Fairness with Exponential Weights

TL;DR

This paper introduces a meta-algorithm that transforms existing Hedge algorithms into fair contextual bandit algorithms, ensuring statistical parity and handling non-stationary environments with theoretical guarantees.

Contribution

It presents a novel meta-algorithm that guarantees exact statistical parity in contextual bandits by converting Hedge algorithms, accommodating non-stationarity and enabling batch classification with fairness.

Findings

Achieves statistical parity on every trial.

Maintains asymptotic regret bounds similar to Exp4.

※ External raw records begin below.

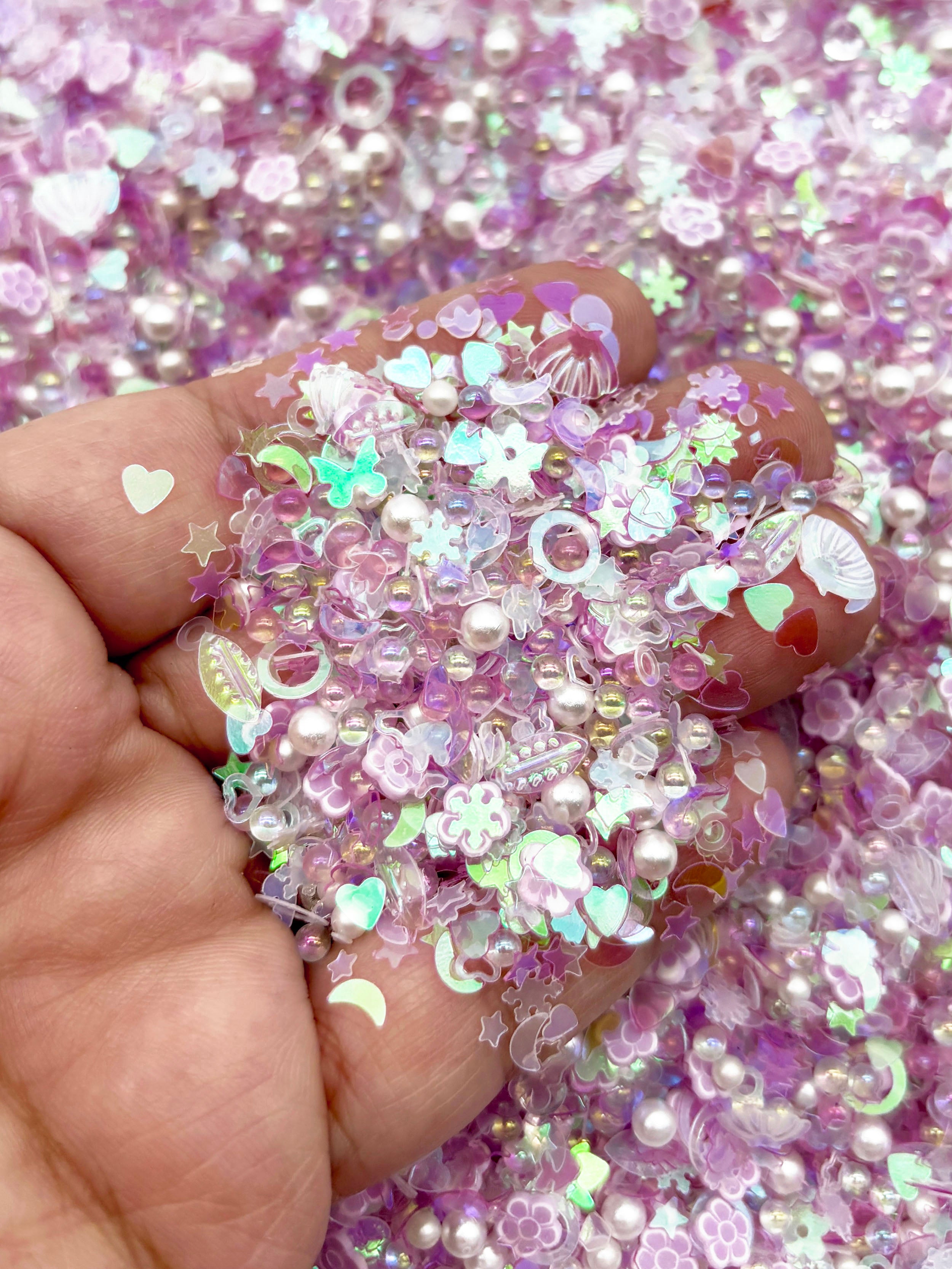 30g Pastel Lavender Purple Glitter, Polymer Clay Flower, Clear Round Glass, Pearls and Rhinestone Non Edible Shaker Mix G125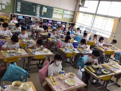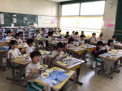 今日から新しいALTが来てくれます。2年生と一緒に初めての給食。美味しかったそうです。他のクラスでも食べてくれます。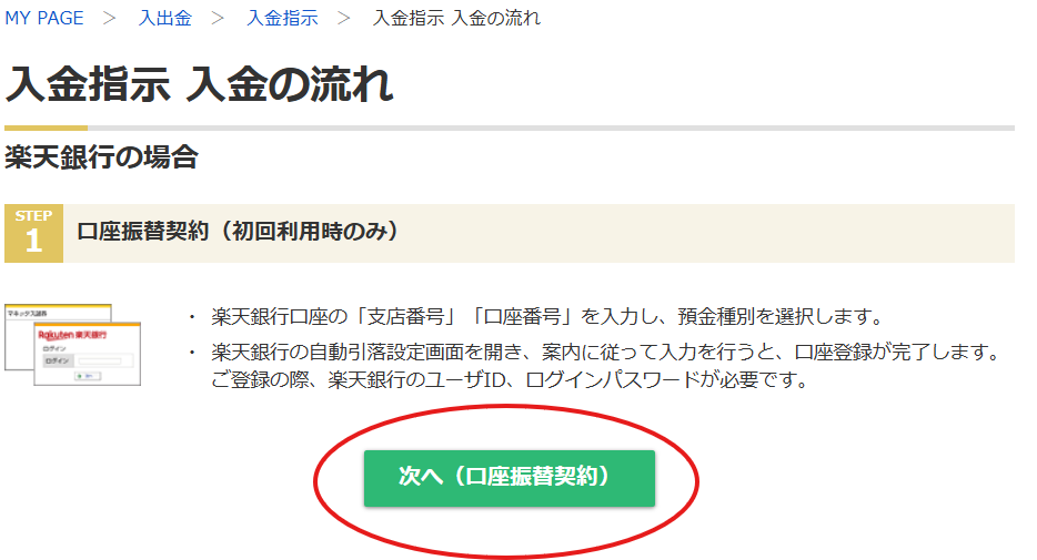 9.次回から「入出金」→「即時入金指示(インターネットで入金)」をクリックすると、「契約済の金融機関」に楽天銀行が表示されるようになりました。こちらをクリックします。
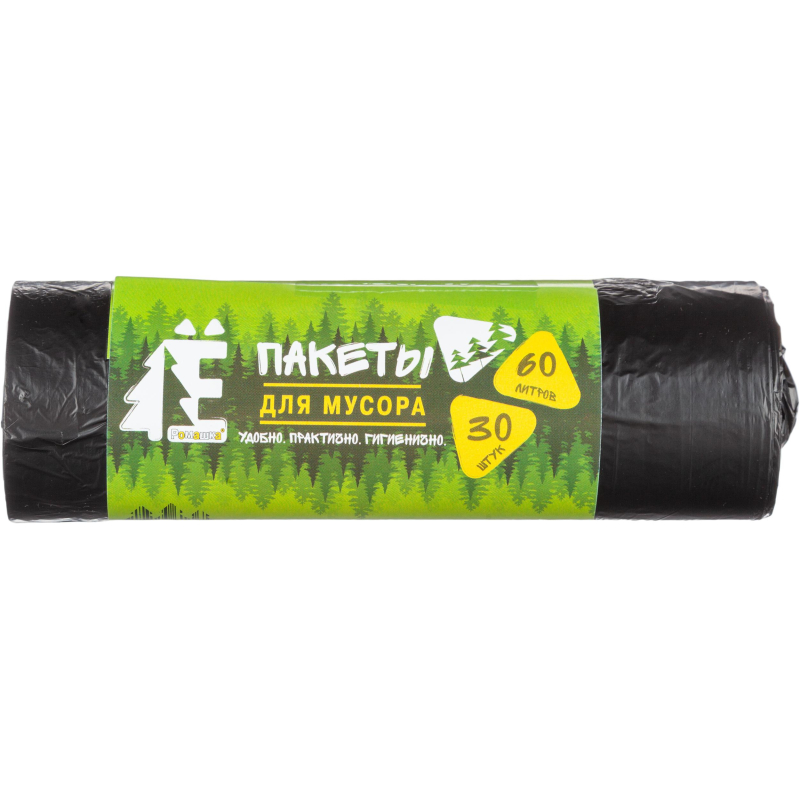 Мешки для мусора на 60 л Элементари черные (ПНД, в рулоне 30 штук, 58х68 см) Подходят для легкого мусора. Данные пакеты нашли широкое применение в домашнем использовании, в офисе, государственных учреждениях (поликлиниках, школах, детских садах и пр.), санаториях, гостиницах, барах, ресторанах, кафе. Предназначены для сбора и транспортировки бытового мусора. Изготовлены из полиэтилена низкого давления (ПНД), объем 60 литров. Упакованы по 30 пакетов в рулоне. Цвет: черный. Размер (ШхД): 58x68 см.

Handles non-stationary distributions effectively.

Abstract

Motivated by the need to remove discrimination in certain applications, we develop a meta-algorithm that can convert any efficient implementation of an instance of Hedge (or equivalently, an algorithm for discrete bayesian inference) into an efficient algorithm for the equivalent contextual bandit problem which guarantees exact statistical parity on every trial. Relative to any comparator with statistical parity, the resulting algorithm has the same asymptotic regret bound as running the corresponding instance of Exp4 for each protected characteristic independently. Given that our Hedge instance admits non-stationarity we can handle a varying distribution with which to enforce statistical parity with respect to, which is useful when the true population is unknown and needs to be estimated from the data received so far. Via online-to-batch conversion we can handle the equivalent batch classification problem with exact statistical parity, giving us results that we believe are novel and important in their own right.